• _Your task_
Among the entries below, only the lines from the one with "쿠팡체험단 탭이 생겼어요 !!!!!! ㅋㅋㅋㅋ" through the one with "2 марта компания" are to be retyped, exactly and without pictures.

• _Supplied material_
------------

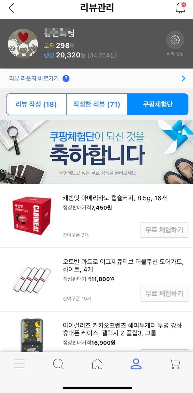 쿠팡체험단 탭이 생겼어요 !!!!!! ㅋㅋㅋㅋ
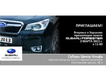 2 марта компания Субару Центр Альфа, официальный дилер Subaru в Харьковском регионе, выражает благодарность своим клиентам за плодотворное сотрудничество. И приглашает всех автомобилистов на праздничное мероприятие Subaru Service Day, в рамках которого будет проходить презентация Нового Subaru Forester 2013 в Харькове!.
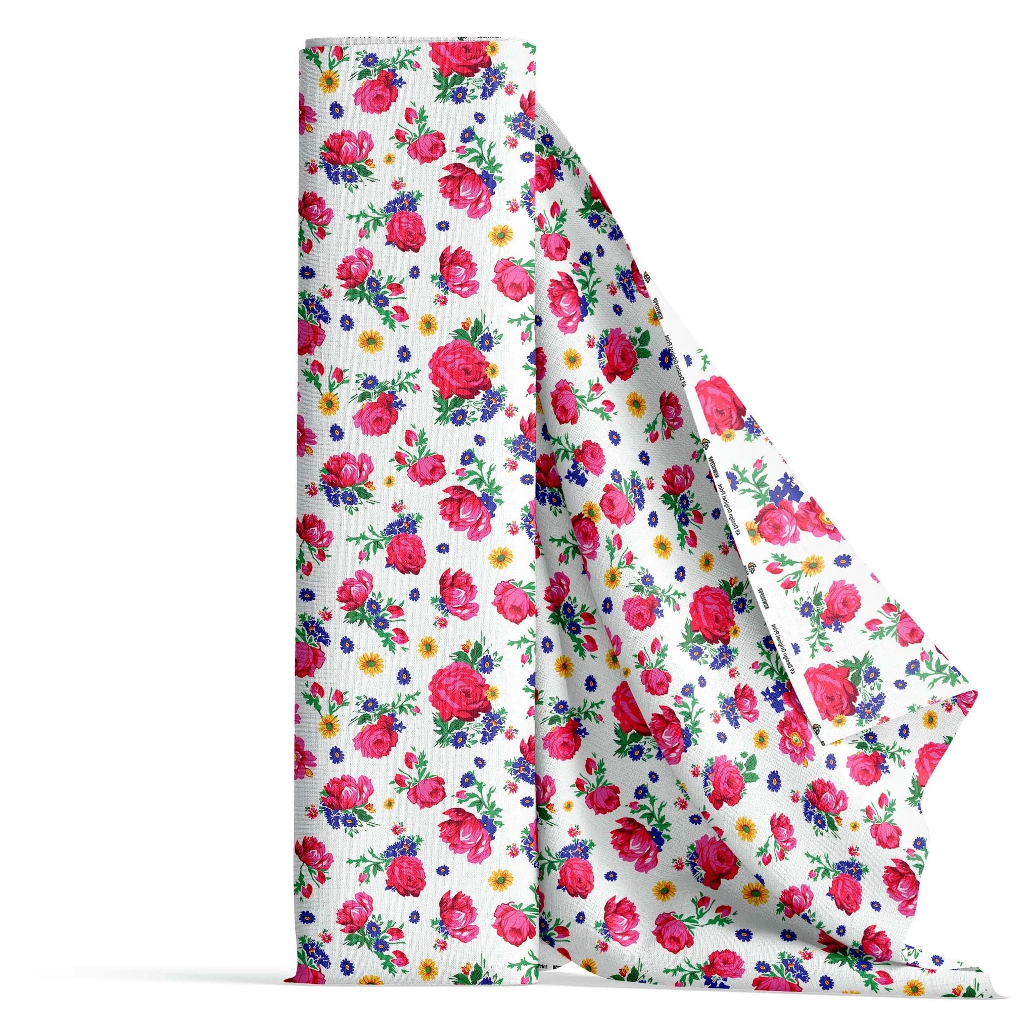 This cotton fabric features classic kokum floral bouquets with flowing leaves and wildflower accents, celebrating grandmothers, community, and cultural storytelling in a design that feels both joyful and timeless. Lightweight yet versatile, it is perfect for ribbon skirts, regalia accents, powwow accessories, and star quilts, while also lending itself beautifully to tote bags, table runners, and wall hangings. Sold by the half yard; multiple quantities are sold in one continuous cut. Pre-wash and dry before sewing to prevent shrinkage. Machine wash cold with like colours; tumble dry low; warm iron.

------------

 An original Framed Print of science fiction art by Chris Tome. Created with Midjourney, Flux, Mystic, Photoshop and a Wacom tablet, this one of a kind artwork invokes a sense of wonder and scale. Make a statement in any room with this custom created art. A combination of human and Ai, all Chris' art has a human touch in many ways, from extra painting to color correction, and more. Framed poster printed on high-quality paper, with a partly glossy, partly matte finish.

------------

• _Result below_
 쿠팡체험단 탭이 생겼어요 !!!!!! ㅋㅋㅋㅋ
 2 марта компания Субару Центр Альфа, официальный дилер Subaru в Харьковском регионе, выражает благодарность своим клиентам за плодотворное сотрудничество. И приглашает всех автомобилистов на праздничное мероприятие Subaru Service Day, в рамках которого будет проходить презентация Нового Subaru Forester 2013 в Харькове!.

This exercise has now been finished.